I remember Lisa stepping closer to me. Years later, I can still feel her warm arm against mine in a moment of much needed solidarity. “What’s going on, River?” she asked me.

“I don’t know.”

Then, from inside some of the nearby homes, screams and cries erupted, breaking the near silence. Exchanging a look with Lisa, we turned as one and ran toward her house. We clambered up the steps, jostling against each other in our rush to see what was going on. We’d scarcely entered the cool shadows of her screened-in porch when I heard the sobs of her mother.

We both froze, uncertain of what to do. Tears streaked Gage’s cheeks and wet my shirt when he buried his face in my neck. He may have only been a baby, but he still sensed something was completely wrong.

Instinctively knowing we would be shut out of whatever was going on if we alerted them to our presence, it had to be grown-up stuff after all, we’d edged carefully over to the windows, looking in on the living room. Peering in the windows, I spotted Lisa’s mom on the couch, her head in her hands as she wept openly. Lisa’s father stood before the TV, the remote dangling from his fingertips as he gaped at the screen.

My eyes were drawn to the TV; my brow creased in curious wonder at the mushroom cloud I saw rising from the earth. A black cloud of rolling fire and smoke covered the entire horizon on the screen.

Beneath the cloud, words ran across the bottom of the screen. The U.S. is under attack. Nuclear bomb dropped on Kansas. Possible terrorist attack. Possible attack from China or Russia. Numerous areas of reported violence erupting.

“It’s World War III,” Lisa’s father said as the remote fell from his hand and her mother sobbed harder.
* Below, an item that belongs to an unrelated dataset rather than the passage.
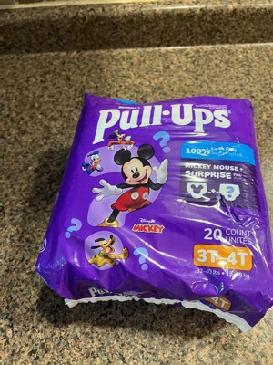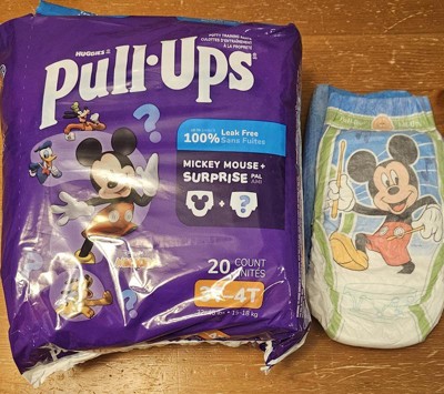 Build Big Kid confidence while potty-training with Pull-Ups Training Pants for Boys! Up to 100% leak free where boys need it most, Pull-Ups training pants back them up so misses don’t become messes! Designed with soft and breathable materials and a wide, stretchy waistband, Pull-Ups potty training underwear help your child be comfortable. To help foster Big Kid independence, these potty training underwear go up and down fast like undies, building Big Kid confidence as you potty train. Easy open, refastenable sides help to make changing the pull up quick and easy, even when you are on-the-go. These training pants also feature toddler loved designs from Disney’s Mickey Mouse. Only Pull-Ups has Disney designs to get your Big Kid pumped for potty training. Fading graphics help teach your Big Kid to stay dry. To help them stay motivated, tell your Big Kid a story that Mickey loves making music and you can help keep the music going by staying dry! When your child is ready to begin his potty training journey, the Pull-Ups brand can help. Visit the Pull-Ups website for expert potty training tips and resources. We’ve helped train 60 million Big Kids and counting!* Pull-Ups Boys Training Underwear are available in sizes 2T-3T (16-34 lbs), 3T-4T (32-40 lbs), 4T-5T (38-50 lbs) and 5T-6T (50+ lbs). (*US and CA)

My heart raced in my chest, and my throat went dry as I struggled to grasp what was going on. I knew something awful had happened, but I still couldn’t understand what. How could I? I was a child. My time on this earth had been spent trying to avoid my mother as much as possible. It had also been filled with taking care of my brother, friends, TV, books, school, and the endless days of summer, that until then, I’d been so looking forward to.

I hugged Gage as I vowed to do anything I could to keep him safe from whatever was about to unfold.

Standing there with Lisa, I may not have completely understood what was happening, but I knew nothing would ever be the same again. The only world I’d ever known was now entirely different.

The cries and shouts in the neighborhood increased in intensity when more planes flew overhead with a loud whoosh that rattled the glass in the windows before us and set off some of the alarms again. Turning, I glanced back at the street to find some people running back and forth, hugging each other before running toward another house. Some got in their cars and drove away with a squeal of tires. Much like a chicken with its head cut off, they were unsure of where to go or what to do.

What could anyone possibly do? Were we next for the bombs? The hair on my nape rose.

I turned back to the TV and watched as the cloud continued to rise. More words flashed by on the bottom of the screen, but I barely saw them. I became so focused on the TV, I never heard my mother enter the porch until one of her hands fell on my shoulder.

Tilting my head back to look at her, I realized it must be worse than I ever could have imagined if she was touching me. It was the first time she’d touched me in a comforting way in years. It would be the last, that wasn’t by accident or in anger, for all the years following.

“What is happening?” Lisa inquired in a tremulous whisper.

“The end,” Mother replied.

I wouldn’t know how right she was until years later.